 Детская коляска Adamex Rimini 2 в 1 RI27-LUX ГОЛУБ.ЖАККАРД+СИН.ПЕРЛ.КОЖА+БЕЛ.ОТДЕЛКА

--

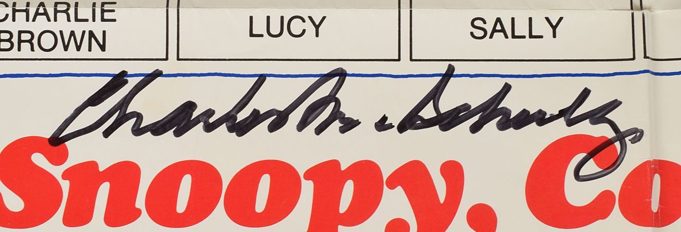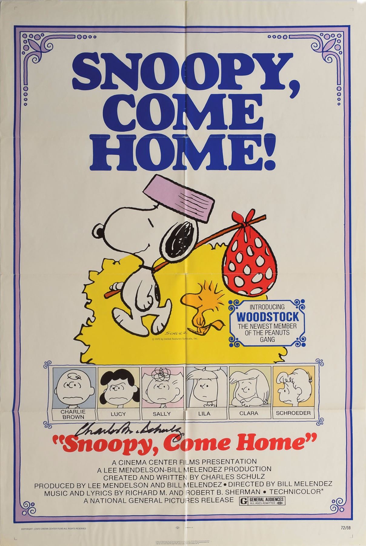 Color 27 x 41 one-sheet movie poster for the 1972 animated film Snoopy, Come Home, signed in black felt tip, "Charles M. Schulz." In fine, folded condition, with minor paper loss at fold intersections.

---

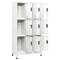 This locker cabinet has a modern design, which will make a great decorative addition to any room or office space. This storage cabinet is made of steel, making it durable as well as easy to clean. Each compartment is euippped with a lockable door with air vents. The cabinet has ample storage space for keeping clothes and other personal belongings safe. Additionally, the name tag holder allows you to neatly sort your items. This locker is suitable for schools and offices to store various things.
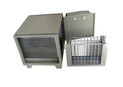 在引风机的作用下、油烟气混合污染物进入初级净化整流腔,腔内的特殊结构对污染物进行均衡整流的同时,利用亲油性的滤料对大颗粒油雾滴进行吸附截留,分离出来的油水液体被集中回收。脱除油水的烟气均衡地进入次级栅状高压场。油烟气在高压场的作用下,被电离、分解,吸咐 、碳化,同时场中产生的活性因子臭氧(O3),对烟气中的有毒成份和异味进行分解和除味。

> _Exercise description_
Taking the entries above, extract every line from the one bearing "This locker cabinet" through the one bearing "在引风机的作用下、油烟气混合", exactly, with no pictures.

> _Response to the exercise_
 This locker cabinet has a modern design, which will make a great decorative addition to any room or office space. This storage cabinet is made of steel, making it durable as well as easy to clean. Each compartment is euippped with a lockable door with air vents. The cabinet has ample storage space for keeping clothes and other personal belongings safe. Additionally, the name tag holder allows you to neatly sort your items. This locker is suitable for schools and offices to store various things.
 在引风机的作用下、油烟气混合污染物进入初级净化整流腔,腔内的特殊结构对污染物进行均衡整流的同时,利用亲油性的滤料对大颗粒油雾滴进行吸附截留,分离出来的油水液体被集中回收。脱除油水的烟气均衡地进入次级栅状高压场。油烟气在高压场的作用下,被电离、分解,吸咐 、碳化,同时场中产生的活性因子臭氧(O3),对烟气中的有毒成份和异味进行分解和除味。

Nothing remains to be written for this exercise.